“Comins Pond no. 1,” Kate Greene, 2020, archival inkjet print, 32 x 40 inches Courtesy of the artist and Grant Wahlquist Gallery, Portland

The first thing that must be said about “So Much Water So Close to Home,” Kate Greene’s photography exhibition at Grant Wahlquist Gallery (through Oct. 31), is that it draws from three conceptually distinct bodies of work. It’s also the last thing you actually need to know.

The title is lifted from a Raymond Carver story in which the narrator, Claire, learns that her husband, Stuart, while on a fishing trip with a huddle of his buddies, came across the corpse of a woman caught in some branches, face down in the water. Reluctant to short-circuit their long-anticipated trip, they tied their grisly find to a branch so she wouldn’t float away, then headed to do some “Iron John” bonding before calling the authorities two days later. This callousness appalls Claire, but Stuart is nonplussed: She was already dead. What were two more days? Claire eventually comes to distrust her husband – his intent, his touch – leaving their marriage suspicious and barren.

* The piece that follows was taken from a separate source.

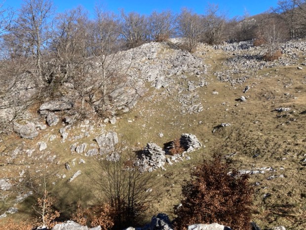 Used since time immemorial by shepherds and woodcutters to gain entry into the rocky plateau , encircled by a crescent shaped ridge of protective limestone, we clambered up and through it- and the wind immediately quieted and we were becalmed.

Some photos are from “Sight Unseen,” Greene’s Comins Pond series, which features images of this popular swimming hole in Worcester County, Massachusetts. The artist, who grew up in the state, was a preadolescent when Molly Bish, a 16-year-old lifeguard at Comins Pond, was murdered. Though her bones were found not far from Comins three years later, the case remains unsolved. It’s impossible to separate the show’s title from this group of photos, in which Greene used infrared digital capture to make “visible spectra of light ordinarily imperceptible to the human eye,” according to the exhibition press release. That spectra appear as hot spots in images of the lake, such as “Comins Pond no. 1,” evincing the sense of a ghostly presence moving among the trees or over the water. They can also remind us of snapshots taken at the scene of a crime, the spectra appearing like the camera’s flash.

“Dead fish no. 8,” Kate Greene, 2020, archival inkjet print, 20 x 16 inches Courtesy of the artist and Grant Wahlquist Gallery, Portland

A second body of work is about men and fish – specifically, the proliferation of photos Greene found on dating apps featuring men, often bare-chested, holding aloft dead fish they reeled in. Greene submerges them in water or moistens them and assembles the photos into collage, then photographs them. Why any woman would find this attractive is an obvious feminist question these images pose. Phrases like “hooking up,” “landing a big one” and “she’s a good catch” suddenly sound eerie. Likely for legal reasons, Greene also presents these men either headless, obscured in shadow or, in one case, appearing to be hooded, making them seem predatory. Can we negate any connection to Carver’s story? Depending what you think, the images exude creepiness – or something else.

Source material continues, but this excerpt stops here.